Your goal: What are the lines from the top of the entries below through the line containing "Moderná a praktická"? Return them exactly, both ends included, without the pictures.

(Supplied records begins)

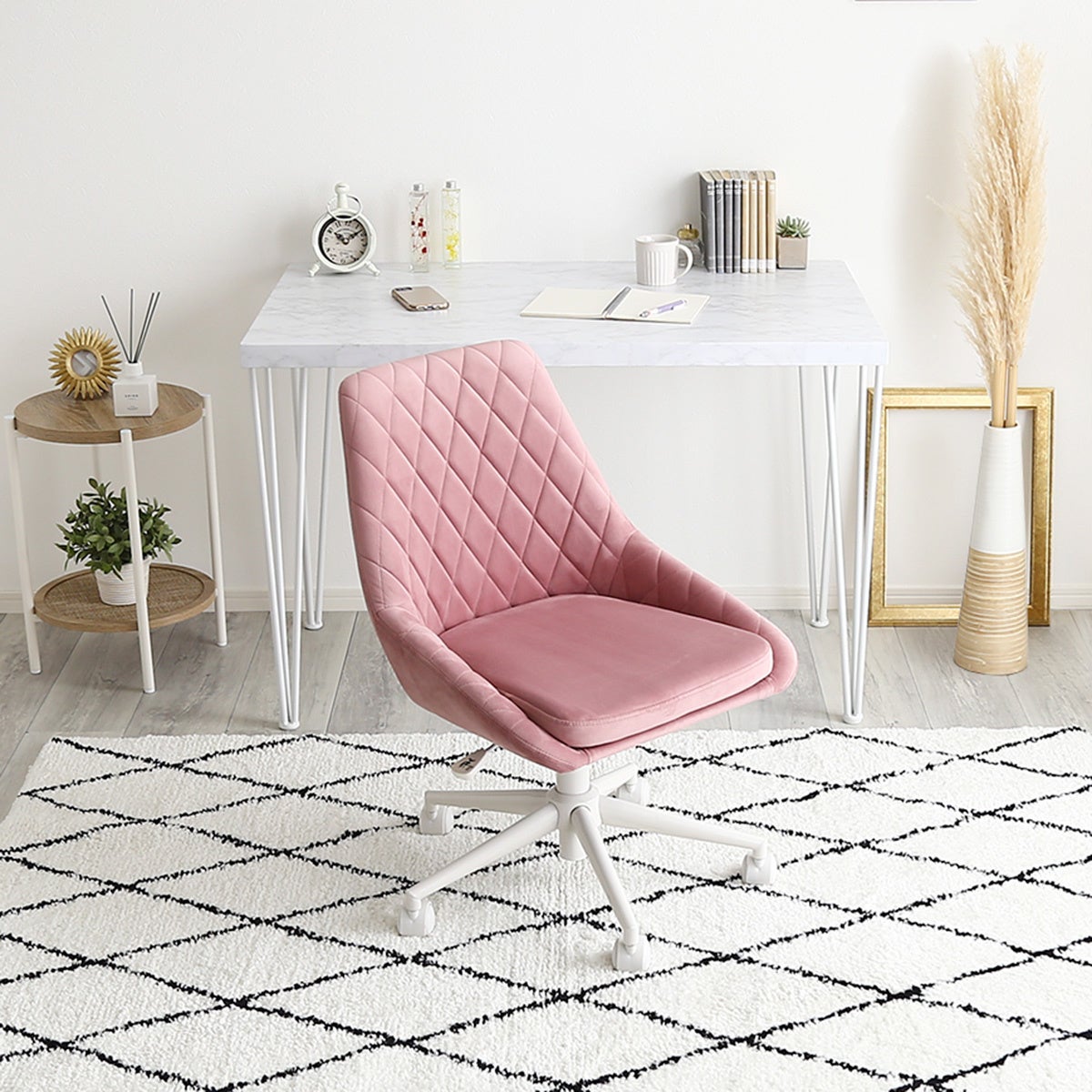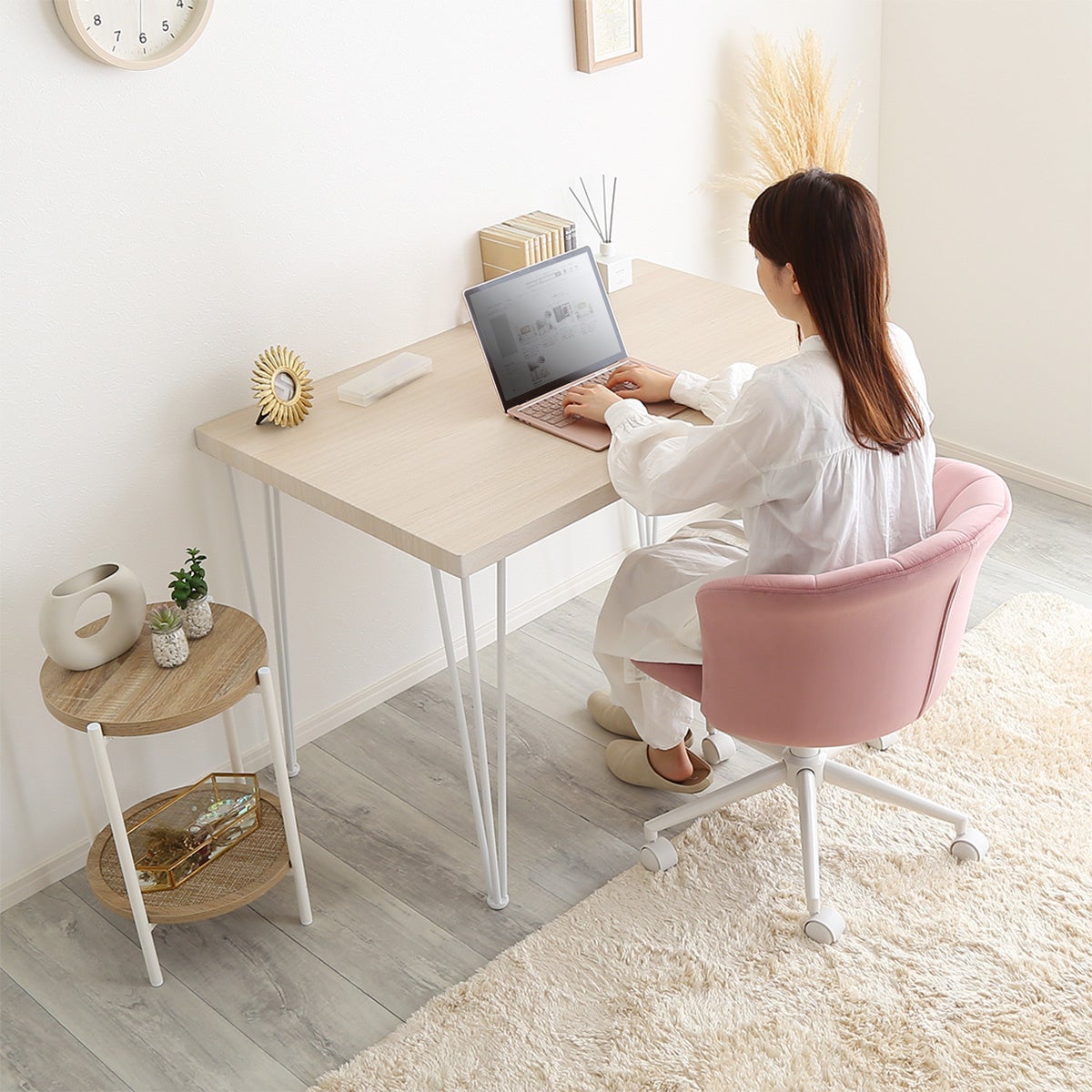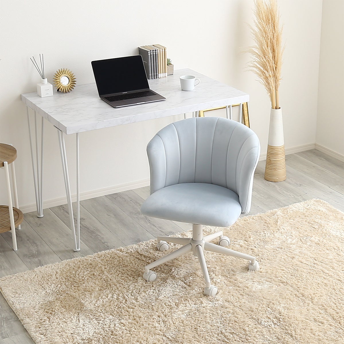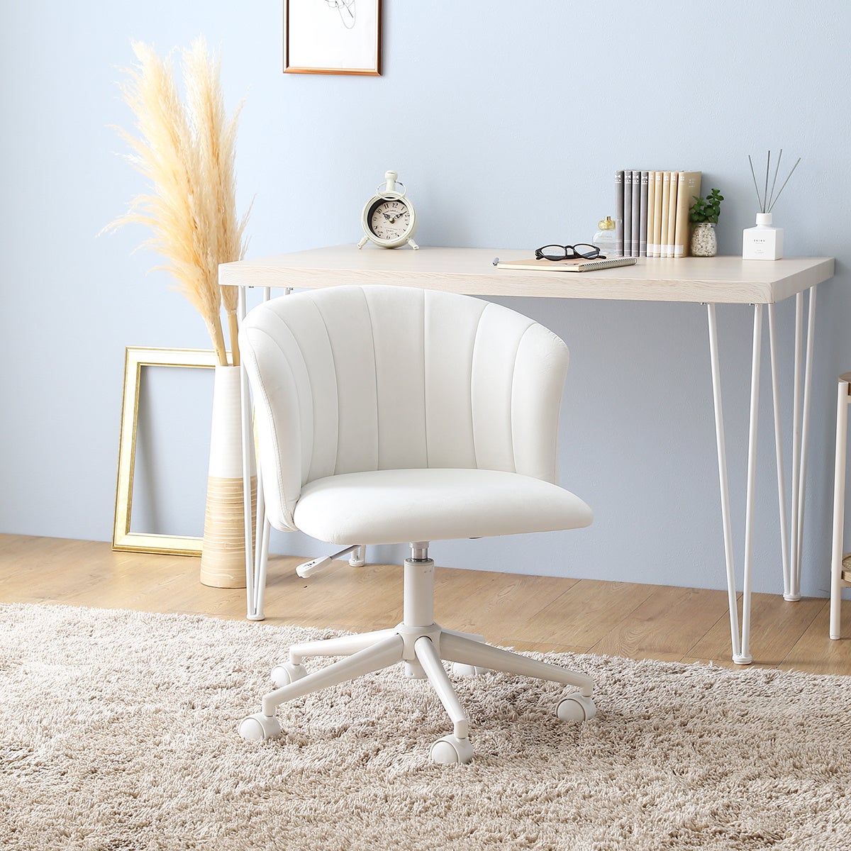 座面部分はくすみカラーで肌触りの良いスエード調の生地を採用。ピンク・ホワイト・ベージュ・グレー・ライトブルーの5色展開で、360°どこから見てもかわいいデザインです。各パーツの色にも徹底的にこだわり、脚やキャスター、支柱やレバーまで、オールホワイトで統一。大人かわいいテイストを追求しました。長時間座っても疲れにくいふかふかなウレタン座面を採用しておりデザイン性と機能性を兼ね備えたワークチェアです。ぜひニトリネットからお買い求めください。
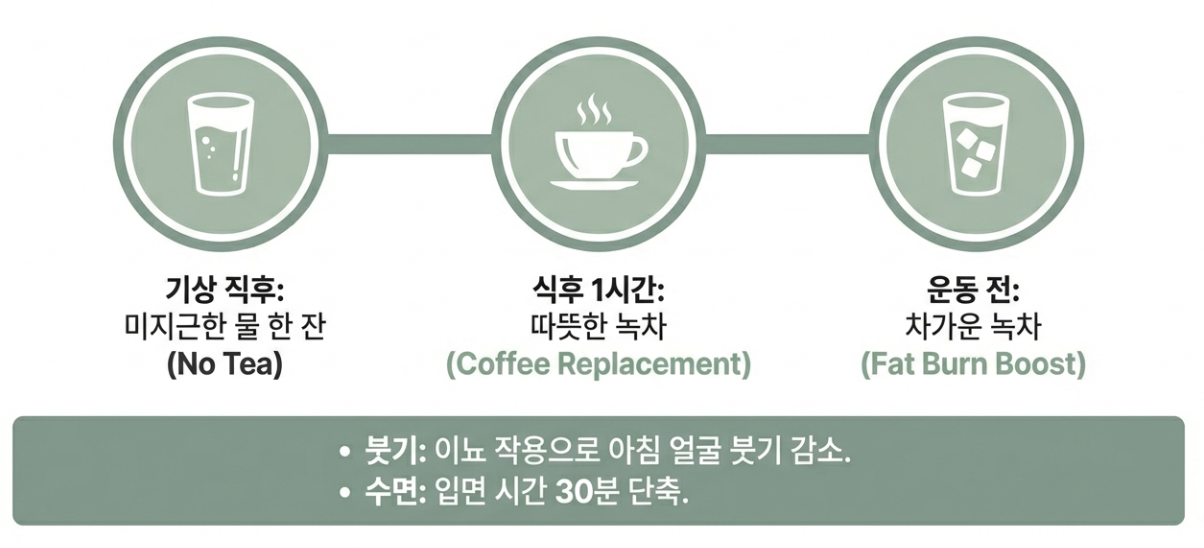 아침 빈속에 녹차를 마시면 위 점막을 자극해 속 쓰림을 유발할 수 있어요. 꼭 가벼운 식사 후에 따뜻하게 드세요.
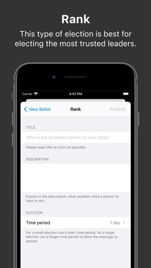 Open Voting - This type of election is best for electing the most trusted leaders. There are no candidates per se, like in other kinds of elections. All voters may vote for each other. In the end, we calculate the voting graph, and the person with the most trusted rank becomes the winner.
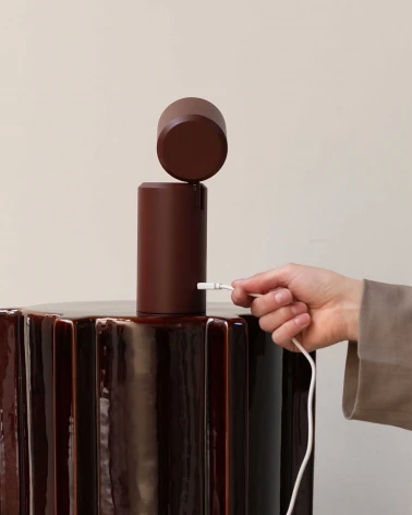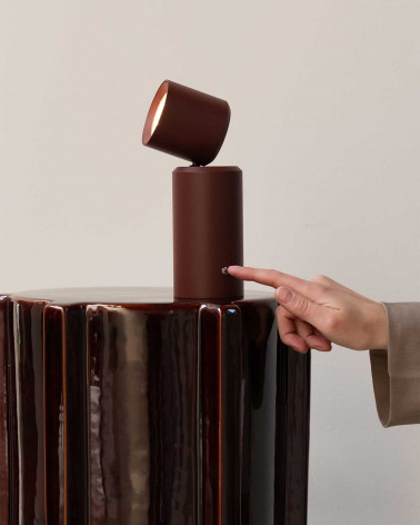 Moderná a praktická prenosná lampa Milan v elegantnom burgundy odtieni vyniká svojou všestrannosťou. Môžete ju jednoducho položiť na stôl ako dizajnové doplnkové svetlo alebo ju pomocou priloženého nástenného adaptéra upevniť na stenu.
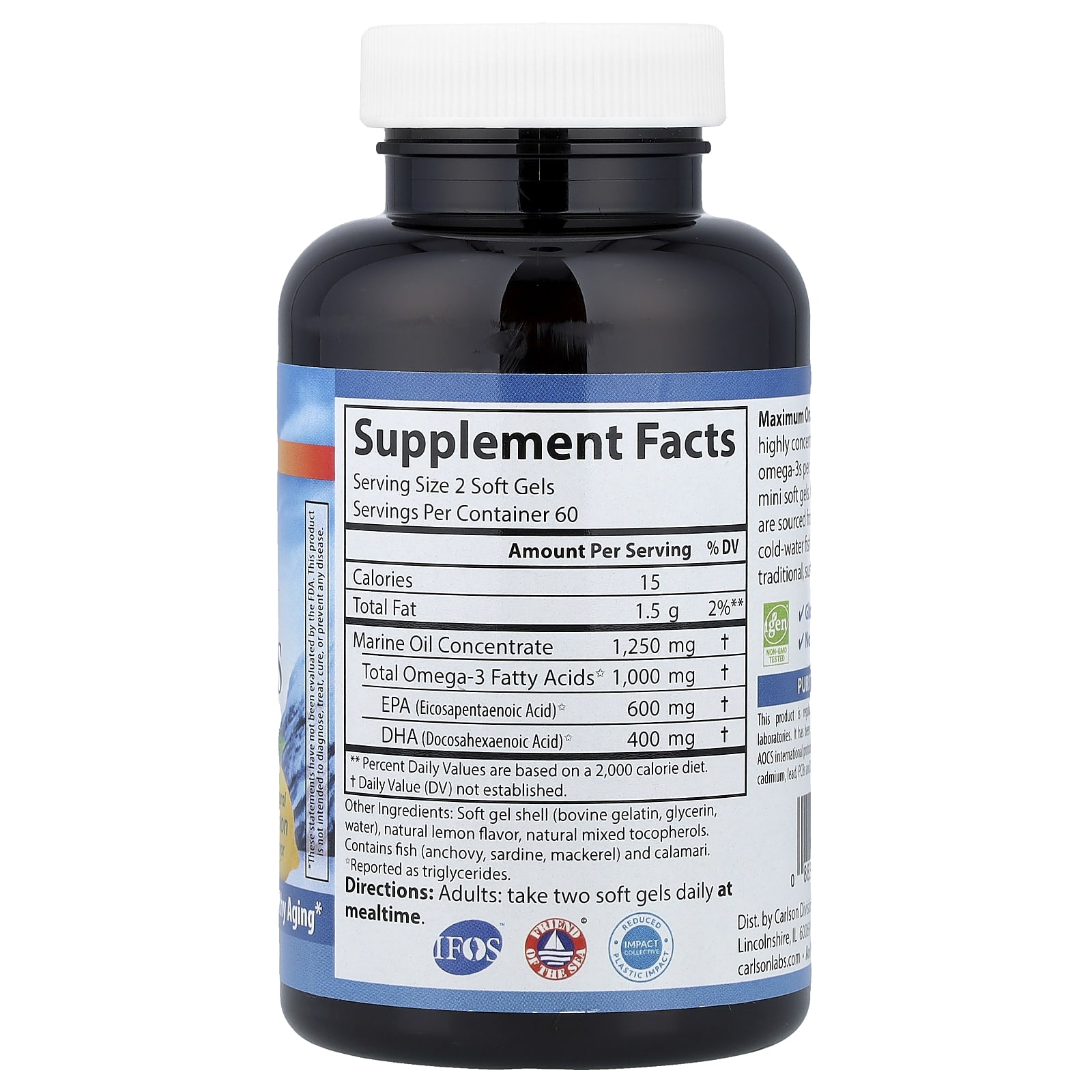 Этот продукт регулярно проходит проверки в независимых лабораториях, зарегистрированных Управлением по контролю качества пищевых продуктов и лекарственных препаратов США (FDA). Его свежесть и максимальная эффективность (согласно международным протоколам AOCS) и отсутствие вредных концентраций ртути, кадмия, свинца, ПХБ и 28 других загрязняющих веществ гарантированы..
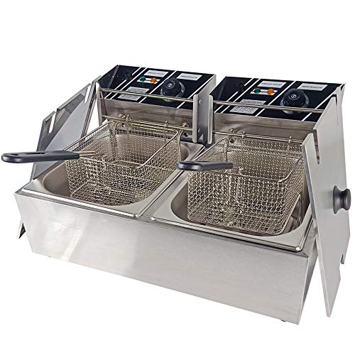 Commercial Electric Deep Fat Fryer - Large Stainless Steel Chip Fryer with Dual Tank, Basket, and Lid
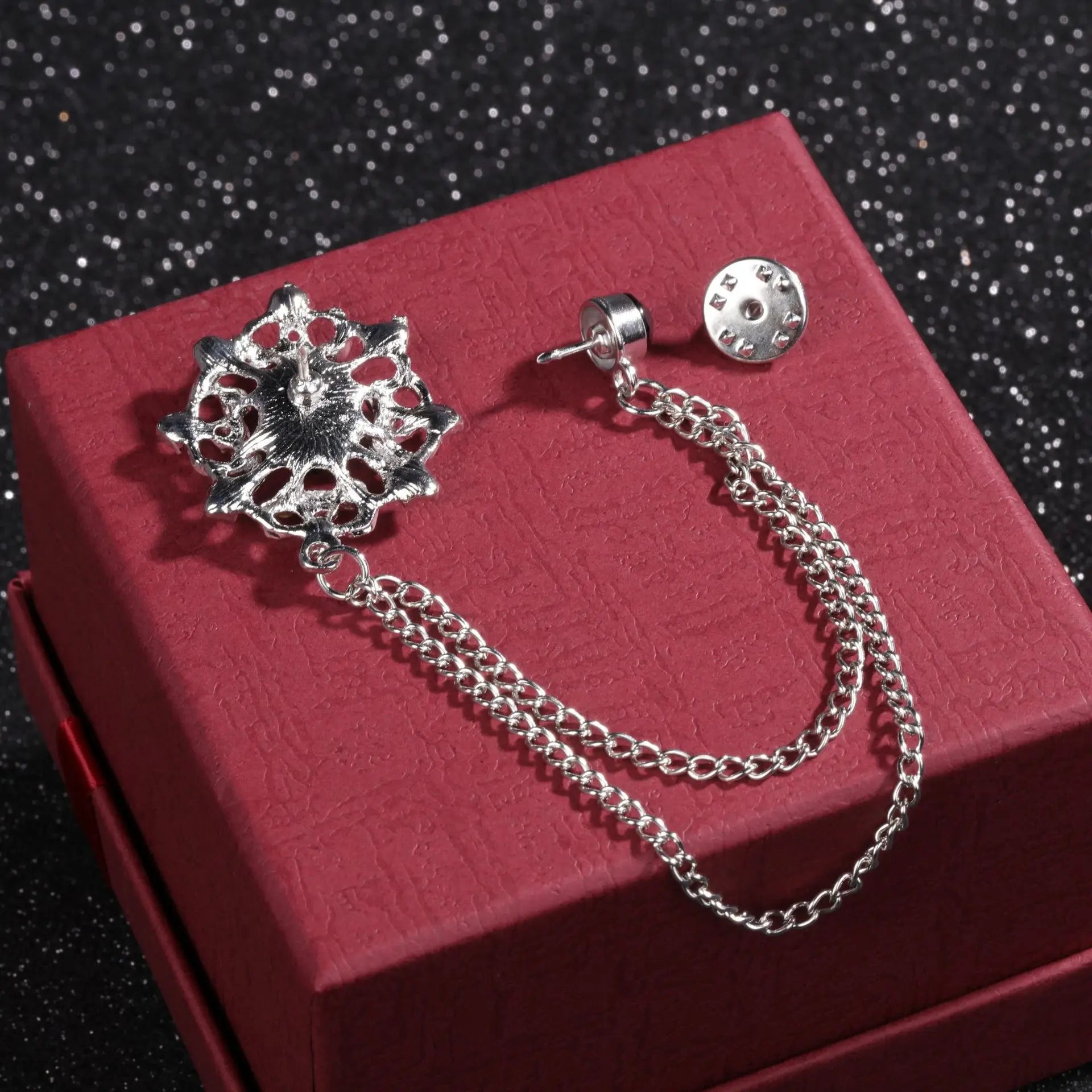 Men Rhinestone Classic Chain Badges Pin Brooches
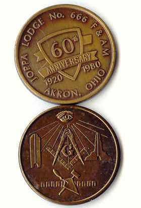 Coin: Joppa Lodge #666, Akron, Ohio, Sixty years of Mo=asonry, 1920-1980Entry/Object ID
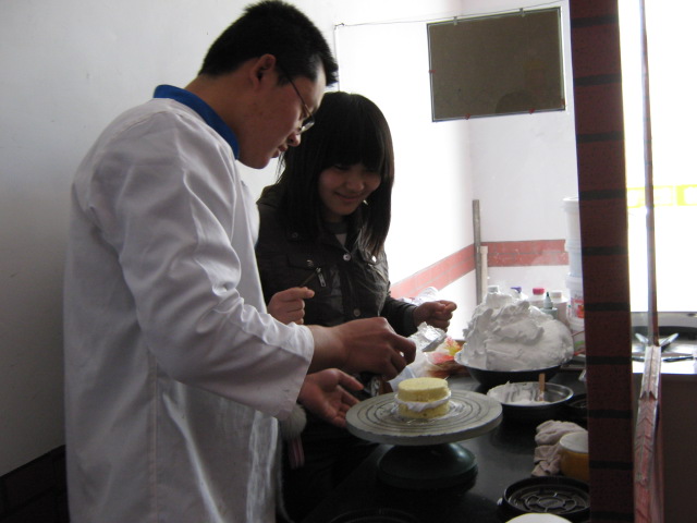 此次活动的地点选在了章丘市芙蓉大道的“克莱尔蛋糕店”。在成员进入“克莱尔”蛋糕店后,他们首先观摩了蛋糕制作的过程,在细心地观察之中熟记每个操作环节,为接下来的蛋糕制作环节做好充足的准备。随后大家开始了自己动手制作蛋糕的过程,看似简单的一个蛋糕制作过程,在同学们的手中却出现了各种各样的问题,有的同学奶油挤得不均匀,有的同学的修饰花做不出来,但在蛋糕师傅的悉心指导和大家的努力下,同学们的蛋糕都逐渐成型并顺利的完成了。看着自己的劳动成果,大家都感到格外的甜蜜。
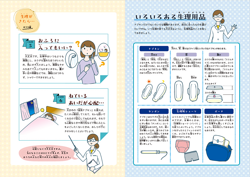 初潮指導や月経相談にご活用頂ける冊子のご案内です。ダウンロードでご利用頂けます。
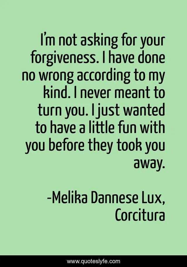 "Melika Dannese Lux, Corcitura Quotes." Quoteslyfe.com, 2025. Sat. 06 Dec. 2025. <https://www.quoteslyfe.com/quote/I-m-not-asking-for-your-forgiveness-190519>.
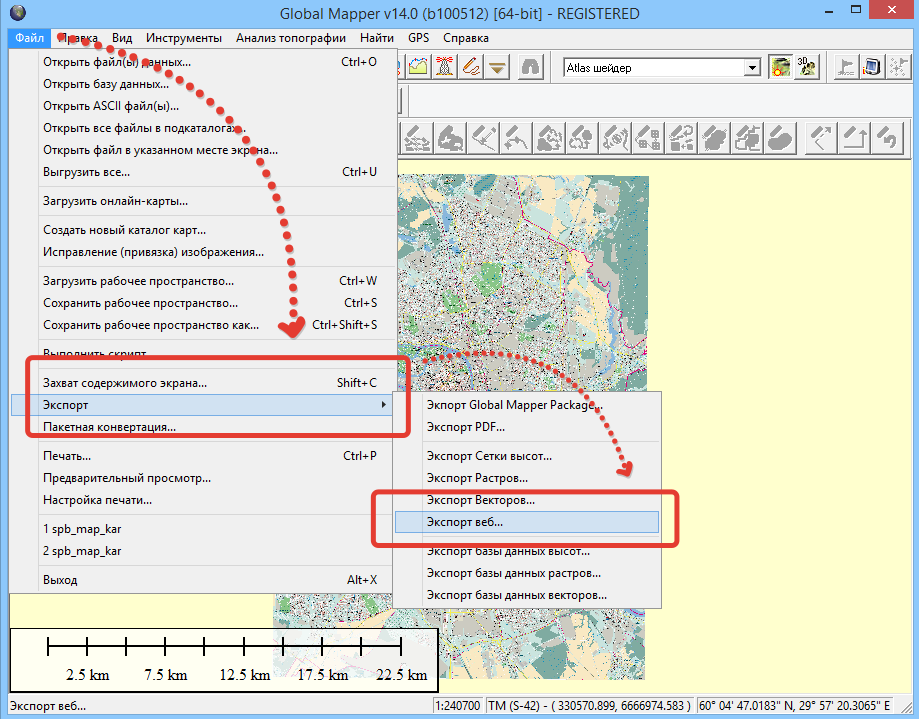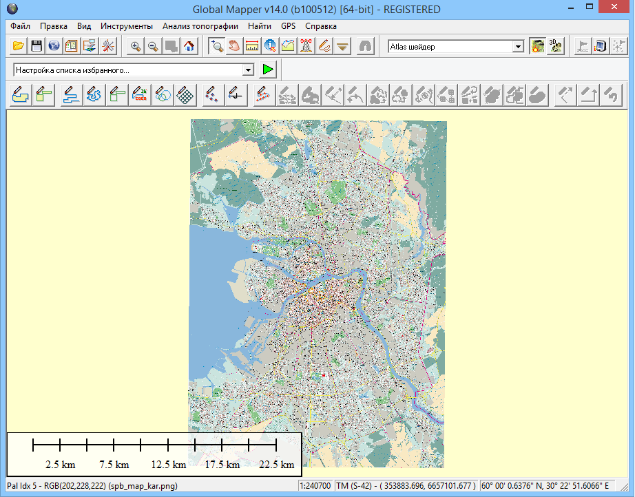 В Global Mapper открываем карту OziExplorer. Для примера будем использовать карту Санкт-Петербурга.

(Supplied records ends)

Your response:
 座面部分はくすみカラーで肌触りの良いスエード調の生地を採用。ピンク・ホワイト・ベージュ・グレー・ライトブルーの5色展開で、360°どこから見てもかわいいデザインです。各パーツの色にも徹底的にこだわり、脚やキャスター、支柱やレバーまで、オールホワイトで統一。大人かわいいテイストを追求しました。長時間座っても疲れにくいふかふかなウレタン座面を採用しておりデザイン性と機能性を兼ね備えたワークチェアです。ぜひニトリネットからお買い求めください。
 아침 빈속에 녹차를 마시면 위 점막을 자극해 속 쓰림을 유발할 수 있어요. 꼭 가벼운 식사 후에 따뜻하게 드세요.
 Open Voting - This type of election is best for electing the most trusted leaders. There are no candidates per se, like in other kinds of elections. All voters may vote for each other. In the end, we calculate the voting graph, and the person with the most trusted rank becomes the winner.
 Moderná a praktická prenosná lampa Milan v elegantnom burgundy odtieni vyniká svojou všestrannosťou. Môžete ju jednoducho položiť na stôl ako dizajnové doplnkové svetlo alebo ju pomocou priloženého nástenného adaptéra upevniť na stenu.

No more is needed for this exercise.